It’s time to fill the backpack with new notebooks and pencils, and welcome another school year. The new year brings opportunities, but sometimes it also brings worries. What if you can’t find a seat on the bus? Will you know anyone in your class? Is your language arts teacher going to expect an amazing essay on what you did this summer? Mom, Dad and maybe even your big sister will tell you not to worry. But sometimes it’s helpful to get an outsider’s opinion. So if you want advice — and some laughs — check out these back-to-school books.
by Barbara Park.

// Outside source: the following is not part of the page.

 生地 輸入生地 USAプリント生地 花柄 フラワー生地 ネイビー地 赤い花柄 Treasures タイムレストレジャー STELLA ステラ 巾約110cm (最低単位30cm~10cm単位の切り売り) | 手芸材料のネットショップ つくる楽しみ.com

Ages 6 to 9.
Young readers will giggle at the sassy Junie B. Jones and her colorful school guide. She may still be in first grade, but she has a “jillion” helpful hints, mostly about what not to do. Rule number two on bus riding: “Do not press your nose and lips on the window and make faces at people driving in cars.” Junie B. explains that someone might take a picture and e-mail it to your principal. Other warnings include “no hitting people in the head with your lunch tray” and “do not tap dance on the way to the pencil sharpener.” Avoid Junie B.-havior, and your teacher will send only happy notes home to your parents.

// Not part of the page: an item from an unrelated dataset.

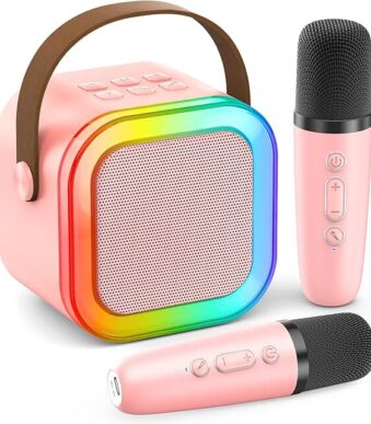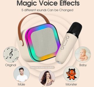 Portable Wireless Karaoke Speaker with 2 wireless Microphone, HIFI Stereo Sound Subwoofers, KTV party White karaoke

by Dan Gutman. Ages 8 to 12.
The author of the funny “My Weird School” series decided to write about something slightly more serious: writing itself. Gutman sees kids’ reactions coming a mile away. “It’s probably going to be a borefest,” he imagines kids thinking. He promises his book isn’t about indefinite articles, split infinitives and other things his teachers taught. The first part is about storytelling. Gutman gives clues about how to come up with an idea and characters. The second part is about (gulp!) grammar. Gutman explains simple rules so you don’t look “like a dumbhead” when you write. His examples are funny, and illustrations featuring his “Weird School” characters keep the pages lively.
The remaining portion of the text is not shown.